→ **WHAT THIS TASK INVOLVES**
Only those lines in the data below from the line containing "謝友明(左)跟徒弟在趕制陀螺(4月6日攝)。新華社記者 齊健 攝" through the line containing "посмотрев наверх, вы", both included, should be restated word for word.

→ **DATA SHOWN**
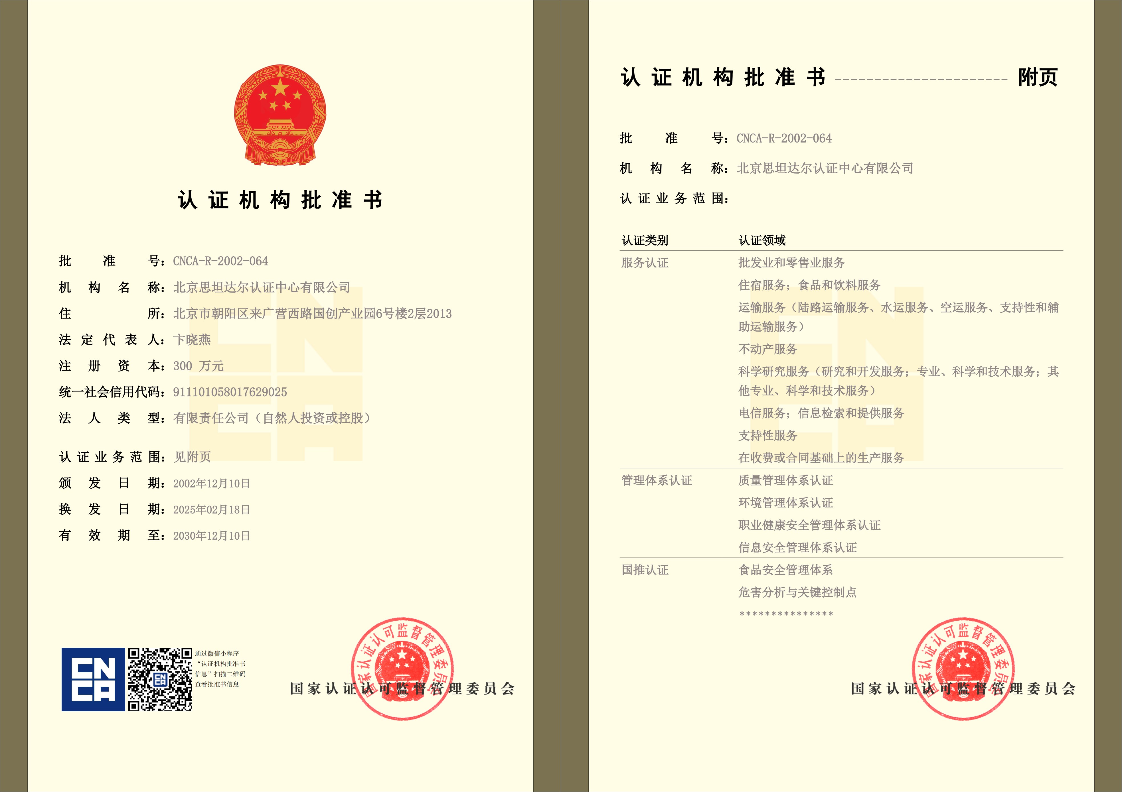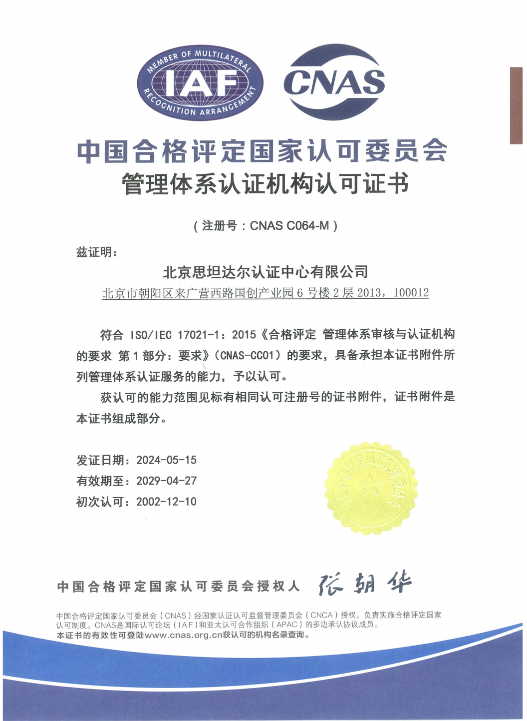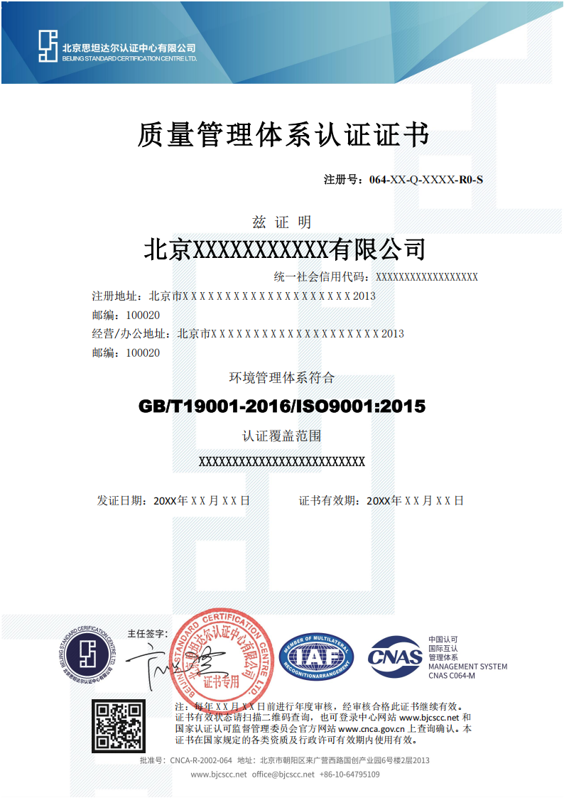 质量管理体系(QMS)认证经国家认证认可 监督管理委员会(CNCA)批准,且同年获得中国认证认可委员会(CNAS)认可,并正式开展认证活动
==
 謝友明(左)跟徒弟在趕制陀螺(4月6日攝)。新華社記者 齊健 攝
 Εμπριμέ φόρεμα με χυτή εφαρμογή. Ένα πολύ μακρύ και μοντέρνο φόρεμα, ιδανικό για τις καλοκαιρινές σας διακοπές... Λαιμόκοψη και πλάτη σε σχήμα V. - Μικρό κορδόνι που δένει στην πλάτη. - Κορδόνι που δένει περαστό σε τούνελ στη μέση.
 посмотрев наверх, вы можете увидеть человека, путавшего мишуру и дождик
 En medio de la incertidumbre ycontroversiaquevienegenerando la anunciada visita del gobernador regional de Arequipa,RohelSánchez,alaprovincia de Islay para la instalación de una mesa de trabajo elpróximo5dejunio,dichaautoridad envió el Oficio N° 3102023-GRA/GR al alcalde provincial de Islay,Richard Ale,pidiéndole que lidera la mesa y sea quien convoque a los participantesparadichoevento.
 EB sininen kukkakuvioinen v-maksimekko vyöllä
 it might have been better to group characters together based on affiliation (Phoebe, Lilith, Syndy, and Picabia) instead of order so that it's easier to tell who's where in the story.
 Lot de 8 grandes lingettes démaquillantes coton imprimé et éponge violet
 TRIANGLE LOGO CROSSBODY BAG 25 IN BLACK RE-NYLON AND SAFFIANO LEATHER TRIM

→ **SOLUTION FOR THIS PROBLEM**
 謝友明(左)跟徒弟在趕制陀螺(4月6日攝)。新華社記者 齊健 攝
 Εμπριμέ φόρεμα με χυτή εφαρμογή. Ένα πολύ μακρύ και μοντέρνο φόρεμα, ιδανικό για τις καλοκαιρινές σας διακοπές... Λαιμόκοψη και πλάτη σε σχήμα V. - Μικρό κορδόνι που δένει στην πλάτη. - Κορδόνι που δένει περαστό σε τούνελ στη μέση.
 посмотрев наверх, вы можете увидеть человека, путавшего мишуру и дождик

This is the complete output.